Первый этаж казался более обустроенным: обои почти теплого оттенка, есть ковры, побольше мебели. Спустившись на первый этаж по скрипучей лестнице – в этом доме, кажется, скрипело почти всё, – я остановилась у высокого круглого и деревянного столика, стоящего в трех метрах от парадной двери. На столике стоял аппарат – стационарный телефон, немного отличающийся от того, что я видела в Миррор в кабинетах наставников. Возле телефона лежал разлинованный и украшенный рисунками виноградных лоз блокнотик с отрывными листами – он меня и заинтересовал. Не трогая его, я начала читать предположительно распорядок сегодняшнего дня Мортон, потому как её рукой – знакомый почерк, который я предпочла бы не узнать, – в правом верхнем углу была выведена дата текущего дня, и внизу по пунктам перечислены мероприятия:
1) 11:15 – посещение психолога;
2) 12:00 – обед в кафе;
3) 13:30-15:30 – встреча с адвокатом Шт.Свенссон по вопросу о Юхане;
4) 16:00-17:00 – посещение кошачьего приюта;
5) 17:30-18:30 – ужин;
6) 19:00 – собеседование садовника.
Значит, дома она появится только после семи часов вечера, что означает, что в запасе у меня больше девяти часов…
Я не успела закончить эту мысль, как телефон передо мной разразился звоном, заставившим меня вздрогнуть и интуитивно схватиться за пистолет, ждущий своего часа за моим поясом. Поняв, что это всего лишь телефонный звонок, я с облегчением выдохнула, но руку с пистолета, почему-то, не убрала. Когда же совершенно неожиданно, спустя двенадцать трезвонов, я услышала голос самой Мортон, мои пальцы вовсе отчётливо сжали рукоять оружия:
“Вы звоните в дом Марисы Мортон. Оставьте своё сообщение после гудка”.
Гудок последовал. И телефон вдруг заговорил женским голосом:
– Тебе звонит Вилма, твоя дочь, которая предпочла бы, чтобы ты наконец забыла этот прискорбный факт. В последний раз предупреждаю: забудь о Юхане. Он тебя не знает и никогда не узнает. Мы с тобой не общаемся уже не первый год. Перестань совершать попытки изменить это. Не смей приближаться к нам.
Голос резко замолчал. Прозвучало три отрывистых гудка. Телефон умолк.
Надо же. У Мортон, как и у Роудрига, тоже есть ребёнок. Вот только в отличие от дочери Роудрига, дочь Мортон, очевидно, совсем не поддерживает связи со своей родительницей и, что тоже очевидно, предпочитает продолжать в том же духе. Получается, душу Мортон никто у меня не отстоит.

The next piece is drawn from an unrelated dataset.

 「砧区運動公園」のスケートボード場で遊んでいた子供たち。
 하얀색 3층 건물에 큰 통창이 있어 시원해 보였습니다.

Вот и хорошо.
Убрав пальцы с пистолета, с такими мыслями я перешла в гостиную, которая оказалась весьма просторной: справа от входа до конца комнаты и от пола до потолка сплошной книжный шкаф, заполненный книгами, покрытыми слоем пыли; напротив входа, возле широкого витражного окна, большой массивный стол, похожий на тот, что был в кабинете Мортон в Миррор; слева кожаный диван и пара кресел; журнальный стол; пуф; под ногами тёмно-коричневый паркет, устланный прибитым временем ковром.

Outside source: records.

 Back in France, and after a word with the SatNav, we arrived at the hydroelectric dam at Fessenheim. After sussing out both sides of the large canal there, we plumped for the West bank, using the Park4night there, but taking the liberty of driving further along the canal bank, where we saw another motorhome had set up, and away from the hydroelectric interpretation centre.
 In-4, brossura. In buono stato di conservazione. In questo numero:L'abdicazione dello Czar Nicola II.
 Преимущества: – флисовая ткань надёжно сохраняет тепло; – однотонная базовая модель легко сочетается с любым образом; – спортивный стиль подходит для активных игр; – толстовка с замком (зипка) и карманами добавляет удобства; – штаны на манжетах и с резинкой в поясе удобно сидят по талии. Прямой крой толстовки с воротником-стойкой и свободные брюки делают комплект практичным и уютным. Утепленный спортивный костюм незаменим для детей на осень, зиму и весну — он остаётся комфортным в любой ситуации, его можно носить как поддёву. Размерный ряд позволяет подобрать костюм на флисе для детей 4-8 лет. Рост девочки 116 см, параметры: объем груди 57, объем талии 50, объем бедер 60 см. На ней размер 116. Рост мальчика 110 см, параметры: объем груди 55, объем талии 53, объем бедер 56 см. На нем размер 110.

Я сразу же направилась к столу – главному источнику информации. Сев в широкое, мягкое и крутящееся кресло, я начала рассматривать убранство рабочего места главной мучительницы Миррор. В левом углу стола располагалась настольная игла, доверху унизанная чеками. Взяв её, я сняла с нее все чеки и изучила их – все гласили о денежных переводах на благотворительный счёт кошачьего приюта. Мортон – благодетельница? Хм… Что у нас здесь есть ещё? Две перевернутые фоторамки. Я взяла первую и начала рассматривать её. Чёрно-белая фотография не только выглядела, но и была старой. На ней была изображена Мариса, только в значительно более молодом возрасте, в присущем ей длинном платье, с точь-в-точь такой же высокой прической, но ещё не пронизанными сединой чёрными волосами и лицом без морщин. Рядом с ней, как будто отстранившись в сторону, стояла девушка-подросток со светло-русыми волосами, в какой-то официальной форме, отдалённо напоминающей форму клонов Миррор: строгий пиджак, гофрированная юбка ниже колена, за плечами, кажется, рюкзак – форма детей оригиналов? На второй фотографии, кажущейся новой, была изображена та же девочка, только уже в роли взрослой женщины лет тридцати пяти или сорока (из-за плохого качества фотографии более точно определить её возраст было невозможно), а рядом с ней, держа её за руку, стоял улыбающийся светловолосый мальчик лет шести-семи.